• Pamela Wilkinson

Doe, a Deer, a Female Deer...

Have you noticed how many deer are around now? I live in a semi-rural setting and the sight of deer grazing on the front lawn is not uncommon, but they are all over the suburbs as well. When I lived off Suwanee Dam Rd, (in a very populated area,) the darned things came up a flight of stone stairs to eat the pansies on my front porch!

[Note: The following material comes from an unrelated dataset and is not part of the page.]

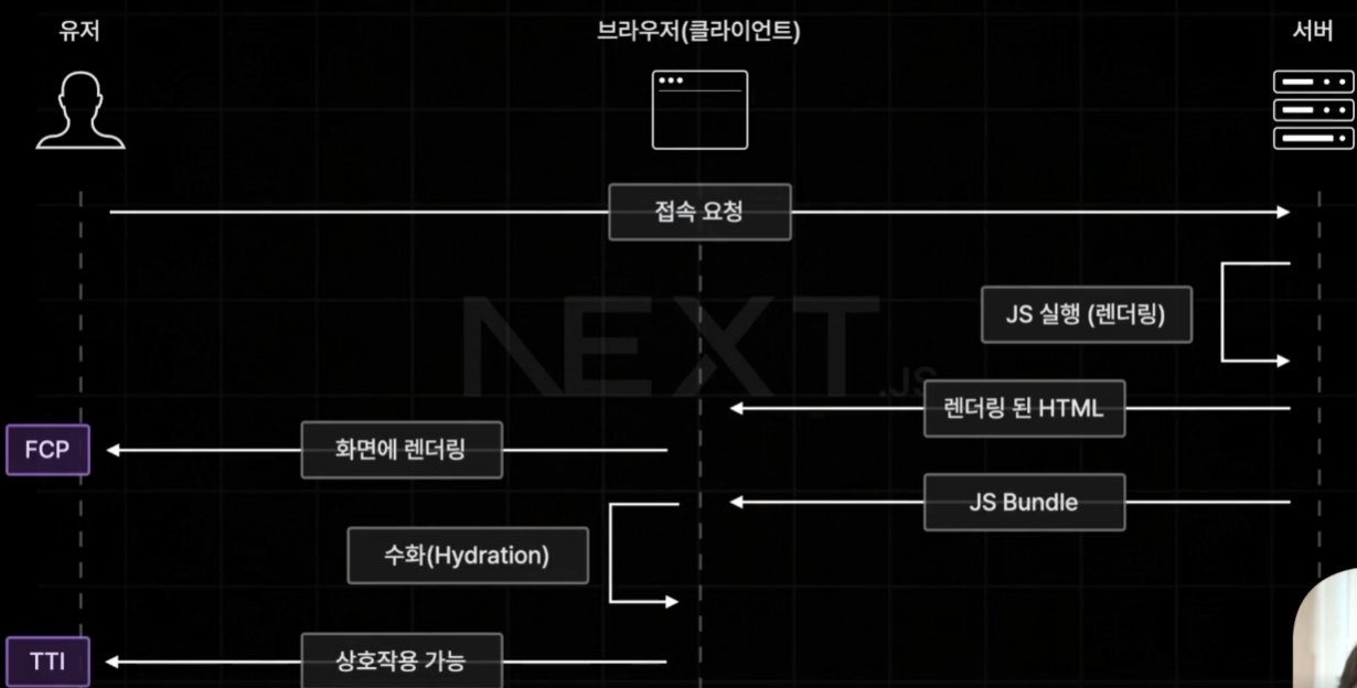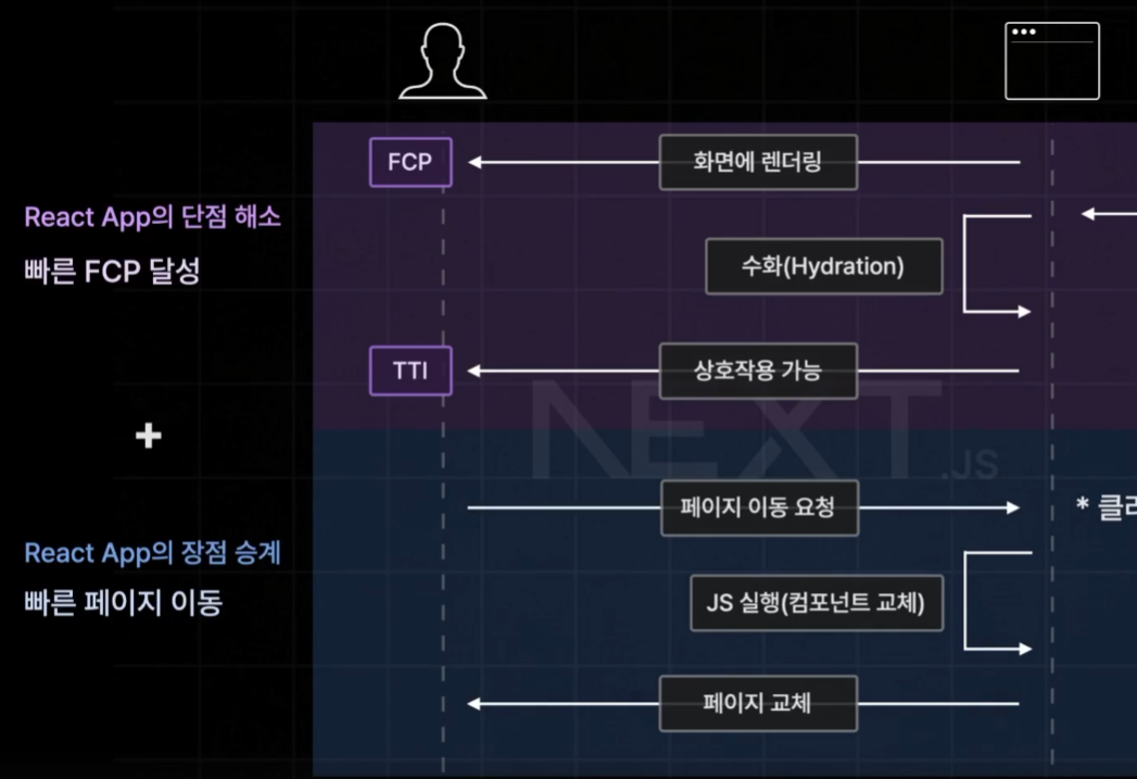 리액트는 초기 접속 요청 시에 브라우저가 HTML 렌더링과 리액트앱까지 직접 실행해야 되기 때문에 최초로 컨텐츠가 화면에 렌더링되는 시점인 FCP가 늦어진다는 단점을 가지게 된 것입니다.

While pansy-eating deer are a trivial problem, the hazards they present to motorists are very real. I speak from personal experience. ​​In February 2014, we had visited one of the rental properties off Level Creek Rd and were headed home about dusk. One of the animals ran in front of us, and before I could warn my husband, "there is another," a second deer collided with the top of my windshield. She had attempted (and failed) to jump OVER the car to get across the road. My car was totaled, i ended up in the ER, and the deer got up and ran off! Thankfully, we were already slowing when we struck the deer, but if she had hit six inches lower, she would have come through the windshield. One or both of us could have been killed. I recently read that deer collisions spike between September and February, due to factors including mating season, a search for food, and shorter daylight hours. Deer are most active in early morning and at dusk, and unfortunately, these are the times of lowest visibility due to the angles of the sun. Keep the following in mind while driving to minimize the risks of sharing the roadways with deer.

  • Deer rarely travel alone. If you see one deer, there are most likely 2-3 others nearby.

  • They are hard to see. They tend to dart randomly in front of cars, often waiting until the last moment before they jump.

  • Slow down when approaching a marshy area or wetlands, and when there are trees and brush obscuring the side of the road.

  • Keep your lights on bright if you are alone or in sparse traffic (except in fog or when there are oncoming cars.)

  • Be alert and on the look-out. Remember, deer travel in multiples!

  • Don't swerve off the road to avoid a collision. You may lose control of the car or even overturn.

Deer are graceful and beautiful, but they are not compatible with traffic (or gardens, but that's another story.) If you do have a collision, remember to take pictures as soon as you call 911 for assistance. These can be very helpful in filing an insurance claim.